Security & Compliance

Securing Kubernetes at enterprise scale requires a comprehensive approach spanning infrastructure, workloads, data, and access controls. This guide outlines security best practices and compliance strategies for production Kubernetes environments.


Defense-in-Depth Security Model

Enterprise Kubernetes security follows a layered approach:

┌─────────────────────────────────────────────────────┐
│ Cluster Infrastructure Security                     │
├─────────────────────────────────────────────────────┤
│ Kubernetes Control Plane Security                   │
├─────────────────────────────────────────────────────┤
│ Network Security & Segmentation                     │
├─────────────────────────────────────────────────────┤
│ Workload Security (Pods & Containers)               │
├─────────────────────────────────────────────────────┤
│ Data Security & Secrets Management                  │
├─────────────────────────────────────────────────────┤
│ Authentication & Authorization (IAM)                │
├─────────────────────────────────────────────────────┤
│ Audit Logging & Monitoring                          │
├─────────────────────────────────────────────────────┤
│ Compliance & Governance                             │
└─────────────────────────────────────────────────────┘

Cluster Infrastructure Hardening

Private Cluster Architecture

Implement security best practices at the infrastructure level:

┌─────────────────────────────────────────────────────────┐
│                     Private VPC/VNET                    │
│                                                         │
│  ┌─────────────────┐                                    │
│  │ Bastion Host/   │                                    │
│  │ VPN Gateway     │                                    │
│  └────────┬────────┘                                    │
│           │                                             │
│  ┌────────▼─────────────────────────────────────┐       │
│  │           Private Kubernetes Cluster         │       │
│  │                                              │       │
│  │   ┌──────────────┐      ┌──────────────┐     │       │
│  │   │ Control Plane│      │ Worker Nodes │     │       │
│  │   └──────────────┘      └──────────────┘     │       │
│  └──────────────────────────────────────────────┘       │
│                                                         │
└─────────────────────────────────────────────────────────┘

Cloud-Specific Recommendations

AWS EKS:

  • Enable envelope encryption of EKS secrets using AWS KMS

  • Use Security Groups to restrict traffic between nodes

  • Implement private endpoint access for the EKS API

  • Use EC2 instances with IMDSv2 for node groups

Azure AKS:

  • Deploy AKS with Azure Private Link

  • Implement Azure Service Endpoints for service connections

  • Use Azure Policy for AKS security controls

  • Enable Azure Defender for Kubernetes

Google GKE:

  • Deploy private GKE clusters

  • Use VPC Service Controls to restrict API access

  • Enable Shielded GKE Nodes

  • Implement Binary Authorization


Kubernetes-Native Security Controls

Pod Security Standards

Enforce pod security using the built-in Pod Security Standards:

apiVersion: v1
kind: Namespace
metadata:
  name: restricted-namespace
  labels:
    pod-security.kubernetes.io/enforce: restricted
    pod-security.kubernetes.io/audit: restricted
    pod-security.kubernetes.io/warn: restricted

Policy Enforcement with OPA Gatekeeper

Deploy policy guardrails with OPA Gatekeeper:

apiVersion: constraints.gatekeeper.sh/v1beta1
kind: K8sRequiredLabels
metadata:
  name: require-team-label
spec:
  match:
    kinds:
      - apiGroups: [""]
        kinds: ["Namespace"]
  parameters:
    labels: ["team", "environment", "application"]
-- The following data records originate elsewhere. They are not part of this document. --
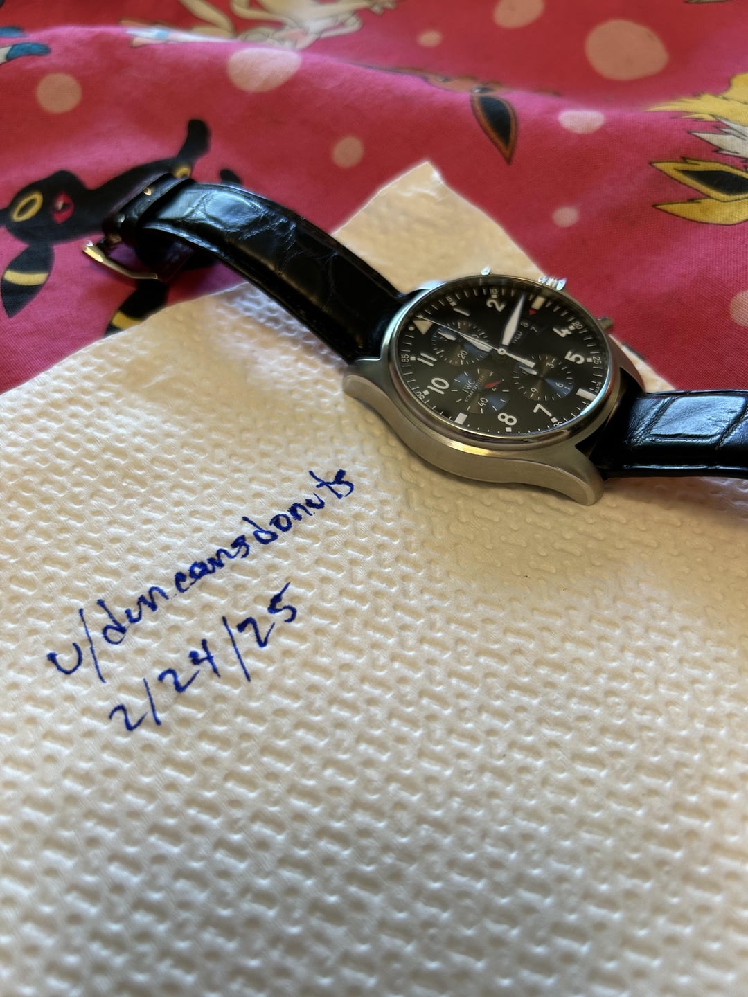 Take flight with the **IWC Pilot’s Chronograph IW377701**, a masterpiece of Swiss craftsmanship designed for those who demand precision, durability, and a bold presence on the wrist. Encased in a **robust 43mm stainless steel case**, this aviation-inspired chronograph features a striking **black dial** with high-contrast white Arabic numerals, offering exceptional legibility. The **day-date complication** adds everyday practicality, while the **chronograph function** ensures accurate timekeeping for any mission. Powered by the **IWC Caliber 79320 automatic movement**, this timepiece delivers a **44-hour power reserve**, ensuring reliability in the skies or on the ground. The **soft iron inner case** protects against magnetic fields, staying true to its pilot’s watch heritage. Finished with a sleek **black leather strap**, the IW377701 is the perfect blend of classic aviation design and modern performance. Whether you’re an aviation enthusiast or a connoisseur of fine watches, this IWC Pilot’s Chronograph is a must-have addition to any collection. Timestamp/pics: [https://imgur.com/a/kqFrvQU](https://imgur.com/a/kqFrvQU) Watch only. Asking $2850. Open to trades and I prefer them. Here is my wishlist but I’ll look at anything: Pacifique tonneau w/Roman nums and bracelet Cheaper Large reverso XL tank auto Blue monaco Octo finissimo BB41 or BB Royal Sinn U50 Frederick Constant pieces
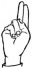На ћирилици написано КОСТАДИН РАСПОТНИК састоји се из 17 слова [?]. Исписано ћириличном једноручном азбуком за глувонеме:
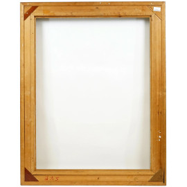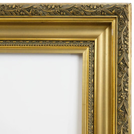 Cornice in legno e stucco dorato, XX secolo, profilo interno a fogliette seguito da gola liscia, profilo esterno aggettante intagliato a foggia di tralci con rose, misure ingombro cm 148x118, misure battuta cm 124,5x95, (difetti)
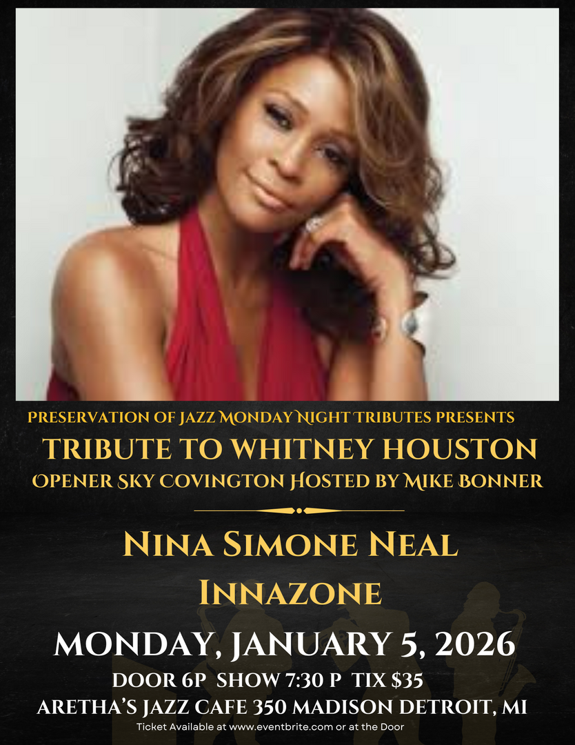 Detroit, MI – After a sold-out success in September, The Preservation of Jazz proudly announces the encore performance of the Whitney Houston Tribute starring the incomparable Nina Simone Neal and her powerhouse band InnaZone, live at Aretha’s Jazz Café on Monday, January 5, 2026, at 7:30 PM.

Image Scanning and Admission Control

apiVersion: v1
kind: ConfigMap
metadata:
  name: trivy-operator-policies
  namespace: trivy-system
data:
  policy.yaml: |
    package trivy
    
    deny[msg] {
      input.vulnerabilities[_].Severity == "CRITICAL"
      msg := "Critical vulnerabilities are not allowed"
    }
    
    deny[msg] {
      input.securityIssues[_].Severity == "HIGH"
      msg := "Images with high security issues are not allowed"
    }

Network Security

Core Network Security Components

┌──────────────────────────────────────────┐
│              Egress Firewall             │
└──────────────────┬───────────────────────┘

┌──────────────────▼───────────────────────┐
│              Ingress Controller          │
│              with WAF/DDoS               │
└──────────────────┬───────────────────────┘

┌──────────────────▼───────────────────────┐
│              Service Mesh                │
│         (East-West Traffic Control)      │
└──────────────────┬───────────────────────┘

┌──────────────────▼───────────────────────┐
│           Network Policies               │
│           (Pod-level Firewalls)          │
└──────────────────────────────────────────┘

Network Policy Implementation

apiVersion: networking.k8s.io/v1
kind: NetworkPolicy
metadata:
  name: backend-policy
  namespace: production
spec:
  podSelector:
    matchLabels:
      app: backend
  policyTypes:
  - Ingress
  - Egress
  ingress:
  - from:
    - podSelector:
        matchLabels:
          app: frontend
    ports:
    - protocol: TCP
      port: 8080
  egress:
  - to:
    - namespaceSelector:
        matchLabels:
          purpose: database
      podSelector:
        matchLabels:
          app: postgres
    ports:
    - protocol: TCP
      port: 5432

Service Mesh Security (Istio Example)

apiVersion: security.istio.io/v1beta1
kind: PeerAuthentication
metadata:
  name: default
  namespace: istio-system
spec:
  mtls:
    mode: STRICT
---
apiVersion: security.istio.io/v1beta1
kind: AuthorizationPolicy
metadata:
  name: allow-specific-methods
  namespace: production
spec:
  selector:
    matchLabels:
      app: backend
  action: ALLOW
  rules:
  - from:
    - source:
        principals: ["cluster.local/ns/default/sa/frontend-service-account"]
    to:
    - operation:
        methods: ["GET", "POST"]
        paths: ["/api/v1/*"]

Secret Management

External Secret Management Integration

# Using External Secrets Operator with AWS Secrets Manager
apiVersion: external-secrets.io/v1beta1
kind: ExternalSecret
metadata:
  name: database-credentials
  namespace: production
spec:
  refreshInterval: "15m"
  secretStoreRef:
    name: aws-secretsmanager
    kind: ClusterSecretStore
  target:
    name: database-credentials
  data:
  - secretKey: username
    remoteRef:
      key: production/database
      property: username
  - secretKey: password
    remoteRef:
      key: production/database
      property: password

Sealed Secrets for GitOps

apiVersion: bitnami.com/v1alpha1
kind: SealedSecret
metadata:
  name: api-key
  namespace: production
spec:
  encryptedData:
    api-key: AgBy8hCNjjSa...truncated...P8kQ9H3mAyxF3A

Authentication & Authorization

RBAC Implementation Best Practices

Principle of Least Privilege:

# Team-specific role with limited permissions
apiVersion: rbac.authorization.k8s.io/v1
kind: Role
metadata:
  namespace: team-a
  name: team-a-developer
rules:
- apiGroups: [""]
  resources: ["pods", "services", "configmaps", "secrets"]
  verbs: ["get", "list", "watch", "create", "update", "patch", "delete"]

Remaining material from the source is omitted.